Project 4: IMAGE WARPING and MOSAICING

Kathryn Wang

PART A

Image Rectification

I needed to find the homography H such that p' = Hp, where p and p' are corresponding points in 2 images. I set up a system of equations derived from the homography relation. For each point correspondence, I formulated two equations based on the relationship. I used least-squares to solve for H. I moved on to warping one image to align it with the other. This involved applying the homography to the pixels of the image. I performed inverse warping to avoid holes in the output image. In inverse warping, I mapped pixels in the output image back to the source image using the inverse homography. I used interpolation during the warping process. Since the transformed coordinates might not align exactly with pixel grids, I used bilinear interpolation to estimate pixel values at non-integer coordinates.
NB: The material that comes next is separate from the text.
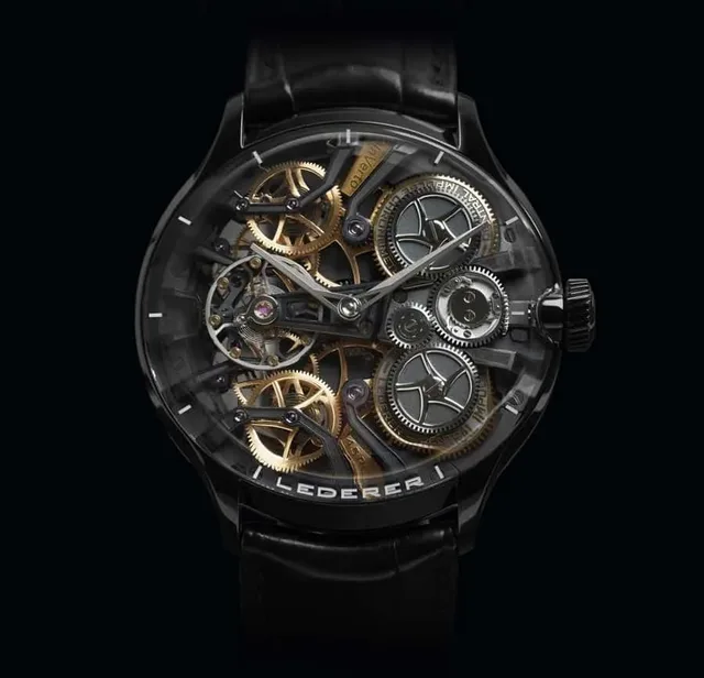 Mit seinem über 25-köpfigen Team in seiner Werkstatt in Saint-Blaise, Schweiz, fertigt Lederer als einer der wenigen unabhängigen Uhrmacher fast alle Komponenten selbst her. Sogar die charakteristischen Zeiger entstehen hier.

Rectifying coaster to square

Image Mosaic

A big challenge in this step was determining the size of the output canvas for both images after warping transformations. To fix this, I transformed the corner points of the images using the homography and computed the bounding box that held all transformed points. For blending images into a mosaic, I use a simple weighted averaging technique to combine overlapping regions. The weights are calculated such that overlapping areas contribute equally to the final result. This basic approach results in a somewhat smooth mosaic. For the second part of this project, I implemented the gradual alpha masking.

PART B

Part 1: Detecting corner features in an image

I opted to utilize provided code (harris.py) to expedite this step. I processed the images by loading and resizing them to manageable dimensions, which reduced computational load. I also decided to tweak the parameters in harris.py to filter out some of the corners. I increased sigma in corner_harris, and increased min_distance and set threshold_rel in peak_local_max.

Part 2: Extracting a Feature Descriptor for each feature point

I extracted patches of size 40x40 pixels centered on each keypoint and then resized these patches to a standard size of 16x16 pixels. I applied Gaussian blur to the patches to reduce high-frequency noise that could affect matching. Additionally, I normalized each patch to have zero mean and unit variance to reduce the effects of illumination differences and contrast variations between images.

Part 3: Matching these feature descriptors between two images

I implemented a feature matching algorithm based on Lowe's ratio test. For each feature in the first image, I calculated the distances to all features in the second image. By comparing the closest and second-closest distances, I could determine if a match was significant. A good match would have a closest distance that was a lot smaller than the second-closest one.

Part 4: Use a robust method (RANSAC) to compute a homography

The goal is to find the homography matrix that best maps points from the first image to corresponding points in the second image, that is also robust to incorrect matches. I implemented RANSAC by randomly selecting subsets of matched points to compute candidate homographies. For each candidate, I transformed the points from the first image using the homography and measured how well they aligned with the points in the second image. By counting the number of inliers, which are points that fit the homography within a certain tolerance, I identified the homography with the maximum number of inliers as the best estimate. After computing the homography, I extracted the inlier matches based on this best estimate and plotted them to confirm their accuracy. We can see the number of matches slightly reduces post RANSAC.

Part 5: Produce a mosaic

I calculated the size of the output mosaic by transforming the corners of the images using the homography and determining the combined dimensions. This also required adjusting the homography to account for any necessary translation so that that both images would fit properly into the mosaic space. I implemented alpha blending using alpha masks. I created alpha masks for both images, where each mask had values that smoothly decreased from the center of the image to the edges. This helps to reduce the visible seams and gradually blends the images where they overlap. I performed a weighted averaging by dividing the accumulated pixel values by the combined alpha mask.

Learnings

Throughout this project, I learned a lot of the complexities in feature detection, matching, and image transformation. One of the most memorable lessons is the importance of consistent coordinate handling. Early on, I came across issues where the images were being warped in unexpected directions. This was due to inconsistencies in how I was handling (x, y) and (y, x) coordinates in my code. Even small discrepancies in coordinate conventions can cause big errors, which requires meticulous attention to detail. The coolest thing I learned was the power of the RANSAC algorithm in computing homographies even with outliers. Implementing RANSAC and seeing it robustly estimate the correct transformation by selecting the inlier matches was very cool.